For a while, he found peace with best friend and co-star Diane Keaton, followed by a rather public love affair with actress Anne Heche when she was 25. She left him for Ellen DeGeneres after coming out as a lesbian. As part of the recovery process, he wrote Bowfinger, which includes a character who seemed rather familiar: a young, social climbing blonde actress who breaks hearts the way some break nails.

Then, last year, Hollywood's most famous "lonely guy", married New York writer Anne Stringfield, 35, by throwing a party - then telling his stunned guests, including Tom Hanks and Diane Keaton, that it was in fact a wedding ceremony.

The star says he's not ruling out being a father himself, although it's a role he never considered until "I played a movie dad".

Anne, who looks startlingly like Sex And The City's Kristin Davis, is credited with making her husband open up to the possibilities of life and love - and that has meant confronting his past.

Only now has he admitted his comedy was driven by dark forces.

In particular, his difficult and, on one occasion, violent relationship with his father casts a long shadow over Steve both as a performer and as a man.

Steve was doing magic and comedy from an early age, and found work after school by cycling to nearby Disneyland and setting up shows so he could perform.

However, Steve's father, Glenn, a failed actor, gave Steve no encouragement, and made it clear he didn't care for his son's stand-up, even when thousands crammed into stadium-sized venues to see the crazy guy in the white suit in the Seventies.

He remained unimpressed even after Steve's screen success in The Jerk, saying to Steve's friends: "He's no Charlie Chaplin." "He didn't speak much, only to criticise or be stern," admits Steve, who says he was devastated by his dad's dismissiveness but understands his father's own upbringing contributed to his harsh behaviour.

"We were from Texas, which was very much the Old West - staunch, stern.

"But I never thought of my childhood as difficult or hard until later. I had great friends. I had laughs - but not at home."

Their relationship nosedived before Steve was a teenager. One night, when he was nine, a seemingly innocent reply to a question resulted in his father beating him with a belt. The thrashing "never seemed to end," according to Steve.

"I curled my arms around my body as he stood overme and delivered the blows." So severe was the beating, he had to wear long trousers to school the next day to hide the marks.

AFTER that, he resolved "with icy determination that only the most formal relationship would exist between my father and me".

Yet, later, GlennMartin softened and started to admit to his son he was proud of his work, especially his writing. He also admitted he had been wrong to publicly criticise his son.

Father and son were reconciled when Glenn died aged 83.

"You did everything I wanted to do," a dying Glenn told his son, and Steve responded, "I did it for you."

Over the years, he thinks he's learned a lot about the problems of keeping love going.
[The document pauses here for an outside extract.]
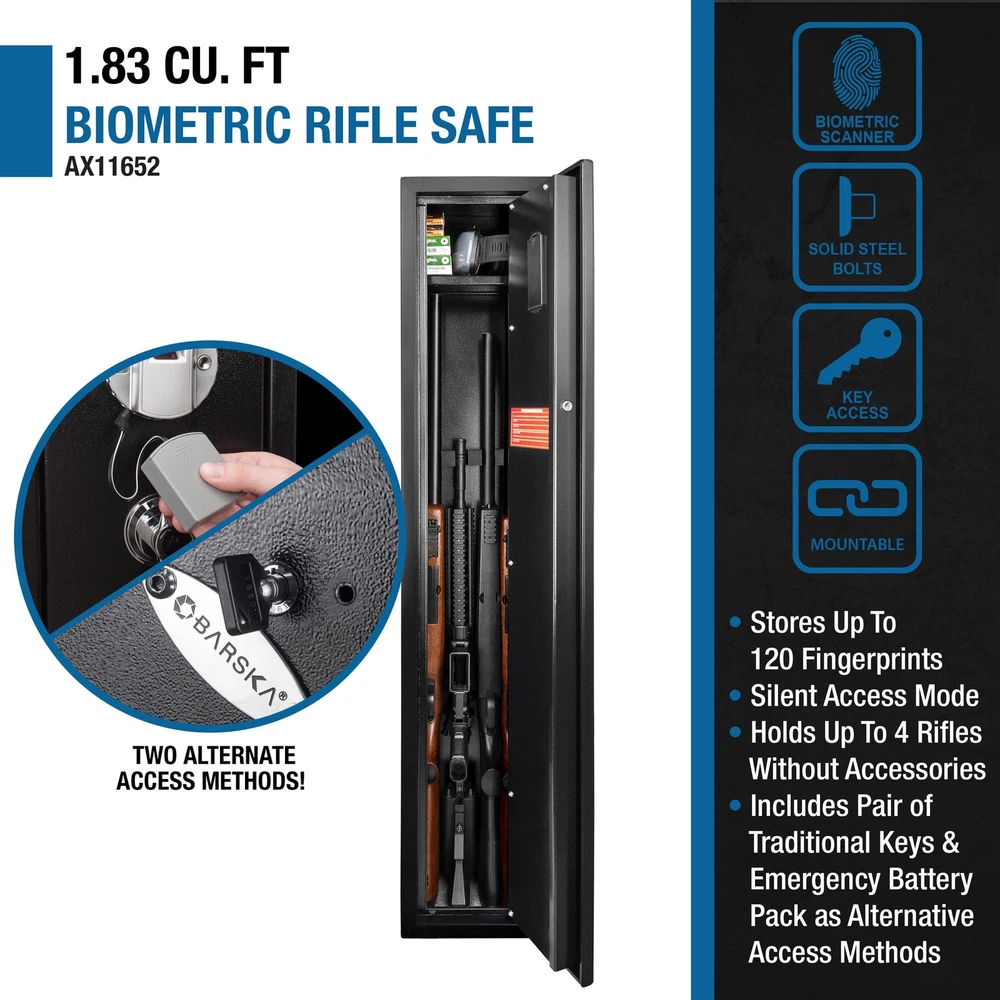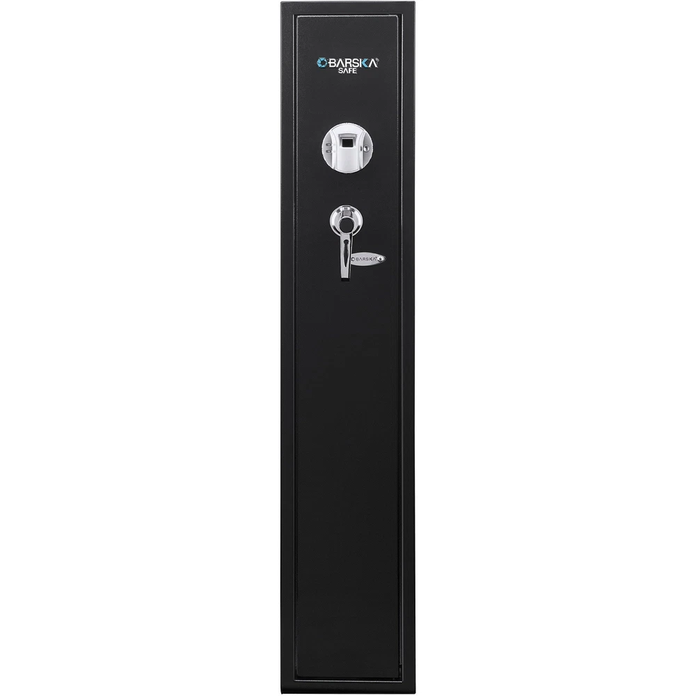 Secure Your Firearms with this Biometric Rifle Safe This California DOJ approved rifle safe provides secure and discreet storage for your firearms and accessories. It features a biometric lock with silent mode for quick and quiet access, and can store up to 120 unique fingerprints. 1 Made from durable steel, this safe is perfect for home or business use. Specifications: Main Color: Black Main Material: Steel Assembled Length (in.): 8.60 Assembled Width (in.): 9.80 Assembled Height (in.): 52.17 Weight (lbs): 63.00 Features: Secure Firearm Storage Secure and Silent Access Ample Storage Space Versatile Placement Rapid Access & Extensive Memory

He says: "You hope for the perfect one, but you have to forgive and make allowances for people and your partner."

He's had to deal with disappointments like the break-up of his first marriage - he and Victoria still don't speak.

He also recalls one love affair where he later tracked down the woman and talked about the breakdown of their romance.

"I asked her why she slept with me, and she said, 'So I can tell my friends'." It's a punchline he doesn't find funny.

Steve Martin is an organised, disciplined man. He keeps his collection of expensive modern art meticulously catalogued in his laptop computer. He remembers friends' birthdays and answers emails and phonecalls promptly.

In past interviews, he's been polite and patient but he is not the loveable, slightly goofy guy of The Man With Two Brains, Parenthood or Cheaper By The Dozen.

"There's a difference between having a darker side and being crazy," says Steve, who is preparing for his second Pink Panther film, almost 50 years after Peter Sellers first brought the bumbling French policeman to the big screen.

"Peter Sellers was slightly, at least from what I've read, tortured. We all have our dark side, and I'msort of in the middle," says the actor, who embraced self-help books and therapy to ensure sanity.

There was a time in the mid-Seventies when he drank too much. Now he keep demons at bay, and avoids meat and booze. When he was first approached, Steve turned down the chance to remake Inspector Clouseau, a job also offered to Mike Myers and Kevin Spacey. Gradually, he came around to the idea.

"Look at the number of times they've remade King Kong. And A Star is Born. All these stories keep coming back and I've justified it by saying, well, it's like a play.

Nobody says, 'Ooooh, I can't do Hamlet because Richard Burton did it.' Inspector Clouseau is the Hamlet for comedians."

Even though he's hosted the Academy Awards, he doesn't mind never taking one home but reckons people underestimate how tough it is to do good funny work, and playing it straight can be easier.

"I had a friend who's a comedian. He had done a drama and got all these honours for it, and he said, 'Steve, if I got praised for dramatic acting, it's because I did a scene without blinking, and, when on a close-up, I was thinking about dinner.'"

Recent work like Baby Mama, Shop Girl and Bringing Down The House show his movies are popular, but he's now a dad rather than the restless, wacky wild-and-crazy guy. And that's fine by Steve.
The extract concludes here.